Keywords: computer vision, automated material characterization, defect detection, fuel cells, SEM imaging, X-ray computed tomography, benchmarking, datasets, surveys
TL;DR: We survey computer vision methods for fuel cell defect detection and show that the lack of standardized benchmarks is the main barrier to progress, and we propose a roadmap toward physics aware and deployable evaluation frameworks.
Abstract: Object detection has achieved remarkable success in natural-image domains, yet its deployment in scientific microstructural analysis remains fundamentally constrained by data scarcity, domain mismatch, and a lack of standardized evaluation. This survey systematically reviews a corpus of 129 studies on computer vision-based fuel cell defect detection and conducts in-depth comparative analysis on a representative subset, identifying the absence of benchmarking infrastructure as the primary bottleneck to progress. We demonstrate that direct reuse of general-purpose detection architectures such as Faster R-CNN and YOLO fails to address domain-specific challenges including extreme class imbalance, multi-scale defects spanning orders of magnitude, and low-contrast anomalies embedded in complex material textures. Beyond cataloging architectures, we synthesize the literature around three structural gaps: fragmented and proprietary datasets, architectural mismatch with fuel cell degradation physics, and a deployment chasm between laboratory validation and production environments.

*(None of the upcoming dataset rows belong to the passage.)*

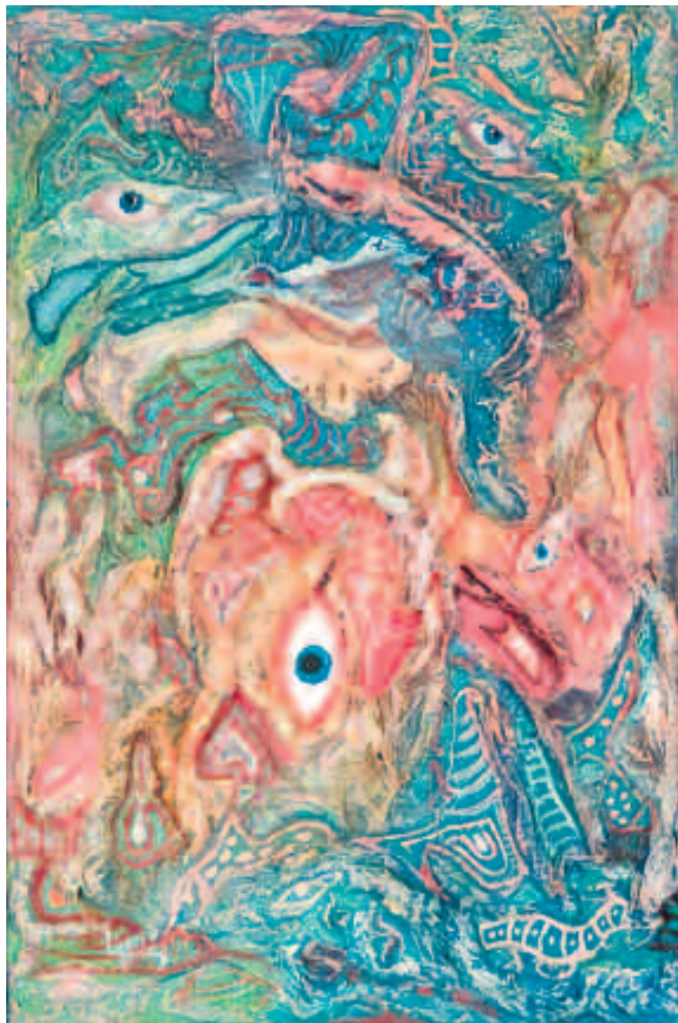
Mira ké rabia Piscis navega por Akuario
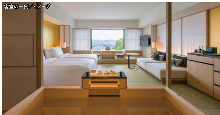
客室の一例／イメージ

●発着地は新大阪、京都、名古屋、東京よりご選択ください。 ※列車の時間と1日目の食事箇所及び時間は指定させていただきます。 ※今後の情勢によりご利用予定の施設に変更が生じる場合がございます。 ※お食事について：アレルギーによる変更は各施設に申し入れますが、施設により対応が異なり、有料になる場合もございますので予めご了承ください。
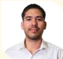
Director Municipal de Gestión y Normatividad Ambiental
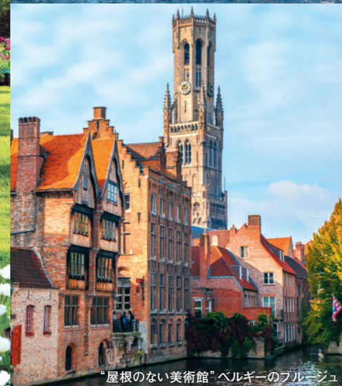
「屋根のない美術館」ベルギーのブルージュ
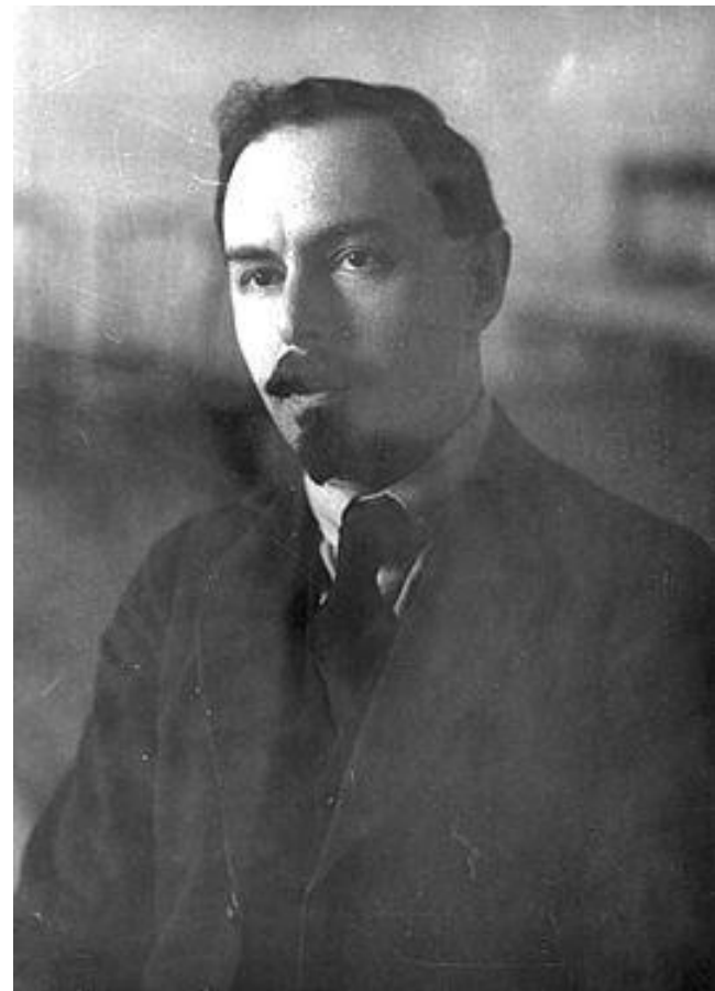
Я. Сокольников, нарком финансов.

We outline actionable research directions centered on standardized multi-modal benchmarks, detection-specific architectures, few-shot learning, and explainable AI to enable trustworthy industrial adoption. Fuel cell inspection is presented as a representative case study for applying computer vision in data-poor, scientifically complex domains.
Submission Track: Findings, Tools, & Open Challenges (Tiny Paper)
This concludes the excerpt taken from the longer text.